Our Red Car Road Trip continued on to the next stop. The guy that Dave had met on the trail back in St. Antonin who recommended Uzes in Provence, also recommended Troyes, a medieval town in the Champagne region. A few hours east of Paris. We had liked his advice before, so to Troyes (pronounced Twah) we went. It’s not very touristy. A French friend asked how we’d heard of it. Ha! From a man on a trail in the woods! Great town. Well preserved OLD town center, very walkable, lots of places serving food and varieties of champagne, and the liqueur that you can pretty much only get there: Prunelle de Troyes. Golden, sweet, richly flavored quite strong liqueur made from plums. Ohhh la la.
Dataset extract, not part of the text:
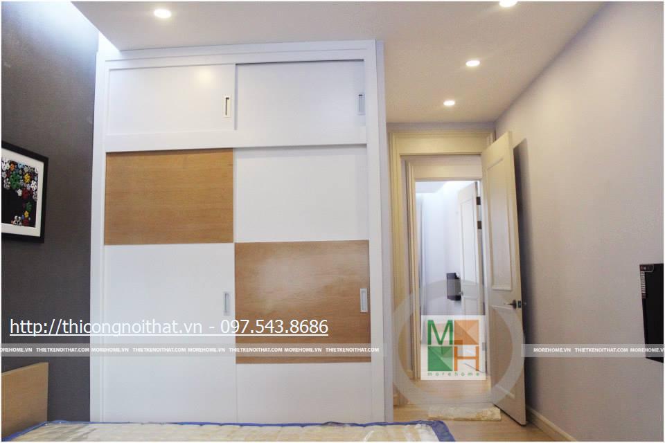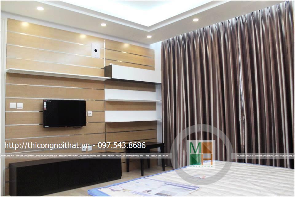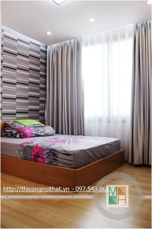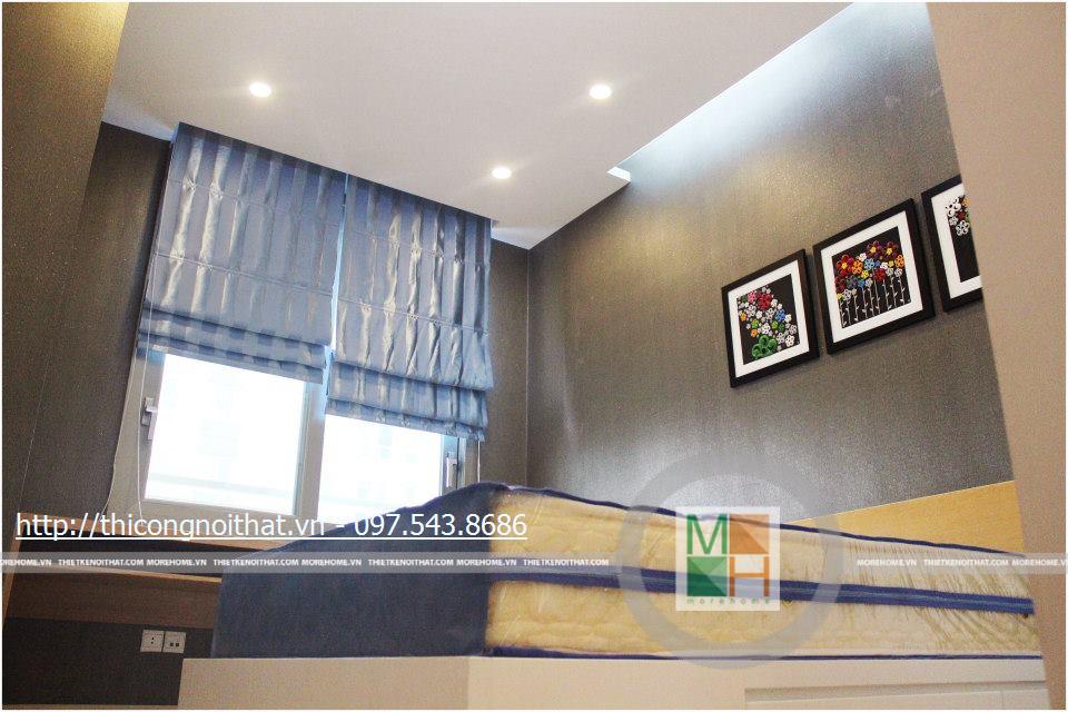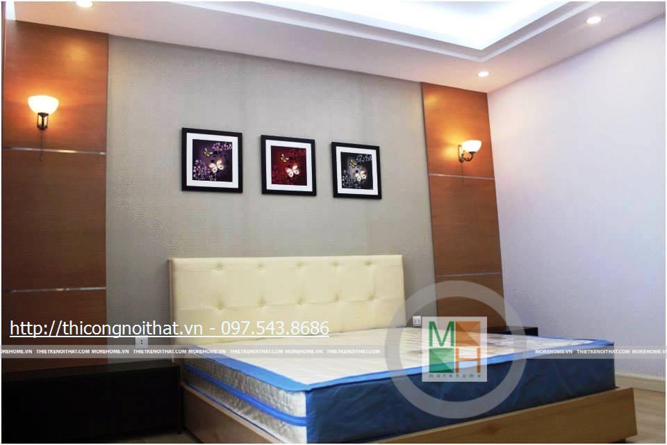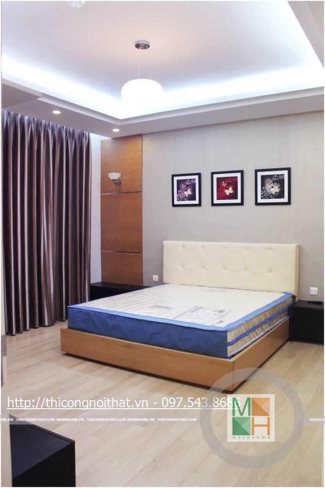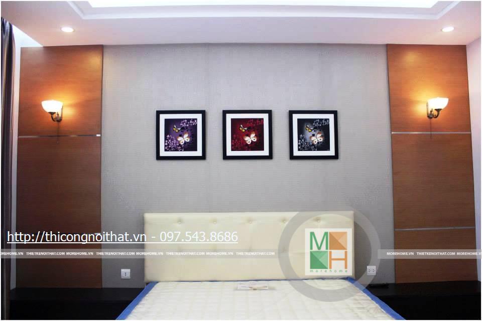 Phòng ngủ của vợ chồng chị Thủy với nội thất trong phòng được trang trí đơn giản nhưng không vì thế mà mất đi sự ấm áp, lãng mạn. bộ giường ngủ đặt ở vị trí gần cửa sổ để đón ánh nắng mặt trời. Morehome cũng thiết kế ba bức tranh nhỏ cạnh đầu giường giúp kohoong gian càng trở nên hoàn thiện hơn.

This time we stayed in a budget 16th-century half-timbered house. Cute, charming actually, but the AirBnB host could do so much more with the place. It was kinda bare bones, but clean, quiet, comfortable, and cheap, and we were only there 2 nights. I’ll have to come back and help her decorate!  Troyes was also an early center for the Knights Templar, a mysterious group of monks who became warriors to protect others, and answered only to the Pope. Their organization grew huge, and spread far and wide, as far north as Ireland and Scotland. For 200 years, until a serious falling out with the Pope, who turned against them, and had them jailed or killed or burned at the stake as heretics. So, here is Troyes, in all her ancient glory. Do visit sometime, & enjoy!

A German France

If the Pyrenees are the “Spanish” part of France, and Provence the “Italian” part, then surely we went on to “Germany” by visiting the eastern part of France. Once again, the climate, the culture, the architecture, the weather and landscape all changed. The eastern part of France shares some of it’s border with Germany (and Switzerland). The Rhine River flows right along that border between the two countries. Over the centuries, the boundaries have blended and blurred and relocated. This is another wine region, for both France and Germany, and on the French side it’s called the Alsace. From Strasbourg in the north to south of Colmar, castle ruins sit on low mountains that overlook gentle hills covered in vineyards and picturesque small villages; it’s La Route Des Vins. And yes, it looks like Germany. We picked the smallish town of Colmar for our base, and stayed 5 nights. This time, right at the edge of the old town, where it was less touristy and quiet at night. Colmar is popular and has its tourists, and some of them can get a little too excited at night. When they could be sleeping ? Gotta get that precious sleep! Our AirBnB was on the 4th floor of an apartment building, and we looked out over the medieval rooftops of Colmar from our balcony. It was very luxurious inside, so we were super comfortable there! And a quick elevator ride to the ground floor had you at the entrance to…the grocery store! How convenient. Plus we had a lockable garage space in the building’s underground parking lot. Great for 5 or 6 days. During which we walked the town, snapped a lot of photos, got the car out of the garage and took a day trip across the Rhine to similar villages in Germany, and….went on an afternoon tour on e-bikes around Colmar, then down to the next tiny village of Eguishheim, where we rode through vineyards and stopped for great wine tasting in the cellar of a winery owned for 12 generations in the same family. Those e-bikes were great, and are already the latest and greatest trend. For seniors! You peddle, but they are motorized and assist you getting up the hills. Where you can see a lot of interesting stuff! Look out world. I have grouped the German photos together, but you can’t tell which they are I bet!